Generation and characterization of D2R^{floxflox/En1Cre/+} and D2R^{floxflox/D1Cre/+} mice. A, Scheme representing the strategy to generate D2R^floxflox mice. ◁, Lox P site, dots indicate the probe used for genotyping. B, Representative Southern blot of genomic DNA from D2R^+/+, D2R^floxflox, and D2R^{floxflox/En1Cre/+} digested with HindIII and hybridized with ³²P-labeled D2R and CRE probes; the genotype and size of the obtained fragments are as indicated. C, In situ hybridization using the D2R Exon2 probe showing selective ablation of D2R in SN and VTA (white arrowheads) for the D2R^{floxflox/En1Cre/+} and in the CPu (white lines) and NAcc for the D2R^{floxflox/D1Cre/+} mice. D, Scatchard analysis of the saturation isotherm for binding of the D2R antagonist [³H]-spiperone to striatal membranes from D2R^floxflox (■; B_max = 884 ± 25 fmol/mg protein; K_d = 171 ± 49 pm) and D2R^{floxflox/En1Cre/+} (□; B_max = 690 ± 37 fmol/mg protein; K_d = 132 ± 21 pm) (n = 3). E, Scatchard analysis of the saturation isotherm for binding of the D2R antagonist [³H]-spiperone to striatal membranes from D2R^floxflox (■; B_max = 875 ± 28 fmol/mg protein; K_d = 184 ± 52 pm) and D2R^{floxflox/D1Cre/+} (▿; B_max = 259 ± 35 fmol/mg protein; K_d = 198 ± 58 pm). Values are given ± SEM (n = 3). F, Scatchard analysis of the saturation isotherm for binding of the D1 DA receptor antagonist [³H]-SCH23390 in striatal extracts from D2R^floxflox (■; B_max = 1703 ± 204 fmol/mg protein; K_d = 297 ± 93 pm) and D2R^{floxflox/En1Cre/+} (□; B_max = 1682 ± 168 fmol/mg protein; K_d = 354 ± 115 pm) mice (n = 3). G, Scatchard analysis of the saturation isotherm for binding of the D1 DA receptor antagonist [³H]-SCH23390 in striatal extracts from D2R^floxflox (■; B_max = 1695 ± 269 fmol/mg protein; K_d = 278 ± 85 pm) and D2R^{floxflox/D1Cre/+} (▿; B_max = 1686 ± 198 fmol/mg protein; K_d = 354 ± 104 pm).
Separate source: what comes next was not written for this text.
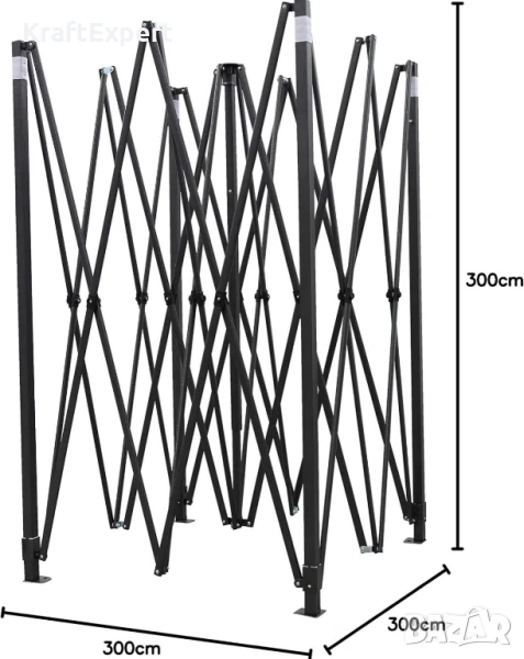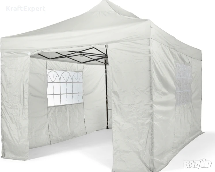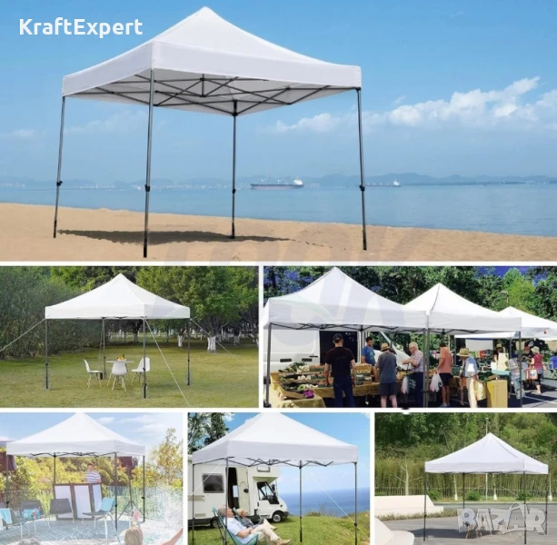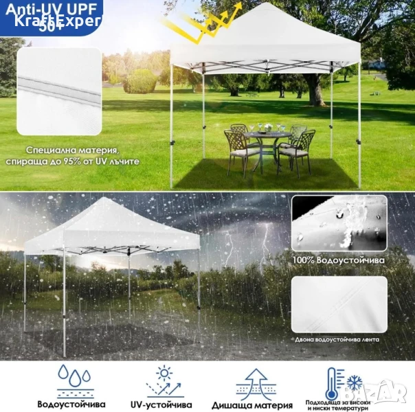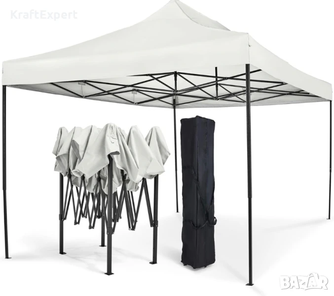 Бяла Сгъваема Градинска Шатра 3×3м тип Хармоника– стабилна, водоустойчива и лесна за разпъване

H, Double in situ hybridizations of sections from D2R^floxflox and D2R^{floxflox/D1Cre/+} mice using a ³⁵S-labeled D2R-specific exon 2 probe together with the DIG-labeled Gad1 or ChAT probes, as indicated. Magnification 40×.

Figure 2.

Loss of D2 autoreceptors or heteroreceptors differently affects motor behavior. A, Locomotion and rearing activity of D2R^floxflox (black bars) and D2R^{floxflox/En1Cre/+} (white bars) mice in the home cage (n = 9–10). No difference was observed between genotypes. Student's t test, p > 0.05. B, Locomotion and rearing activity of D2R^floxflox (black bars) and D2R^{floxflox/D1Cre/+} (gray bars) mice in the home cage (n = 9–10). Student's t test, ***p < 0.001. C, Motor coordination as assessed using the rotarod test. Values represent the average ± SEM of fall latency (s) across 4 d, D2R^floxflox (■) and D2R^{floxflox/En1Cre/+} (□) mice. Both genotypes showed similar latencies to fall (F_(3,36) = 1.178, p > 0.05) and improved their performance with time (F_(3,36) = 14.426, p < 0.001). D, Motor coordination as assessed using the rotarod test. Values represent the average ± SEM of fall latency (s) across 4 d, D2R^floxflox (■) and D2R^{floxflox/D1Cre/+} (▩) mice. D2R^{floxflox/D1Cre/+} showed significantly shorter latencies to fall (F_(3,34) = 6.239 p < 0.05). E, Locomotion and rearing activity in the open field of D2R^floxflox (black bars) and D2R^{floxflox/En1Cre/+} (white bars) (n = 9–10). Student's t test, *p < 0.05 and rearing **p < 0.01. F, Locomotion and rearing activity in the open field of D2R^floxflox (black bars) and D2R^{floxflox/D1Cre/+} (gray bars) (n = 9–10). Student's t test, **p < 0.01, ***p < 0.001. G, Motor activity after acute cocaine injection (15 mg/kg) recorded for 30 min of D2R^floxflox (black bars) and D2R^{floxflox/En1Cre/+} (white bars). Two-way ANOVA Treatment × Genotype: F_(1,34) = 5.249, p < 0.05. Saline versus treated: *p < 0.05, **p < 0.01. D2R^{floxflox/En1Cre/+} versus D2R^floxflox: ^#p < 0.05. H, Motor activity after acute cocaine injection (15 mg/kg) recorded for 30 min for D2R^floxflox (black bars) and D2R^{floxflox/D1Cre/+} (gray bars) mice. Two-way ANOVA Treatment × Genotype: F_(1,49) = 5.759, p < 0.05. Saline versus treated: *p < 0.05. D2R^{floxflox/D1Cre/+} versus D2R^floxflox: ^#p < 0.05, ^###p < 0.001.

Figure 3.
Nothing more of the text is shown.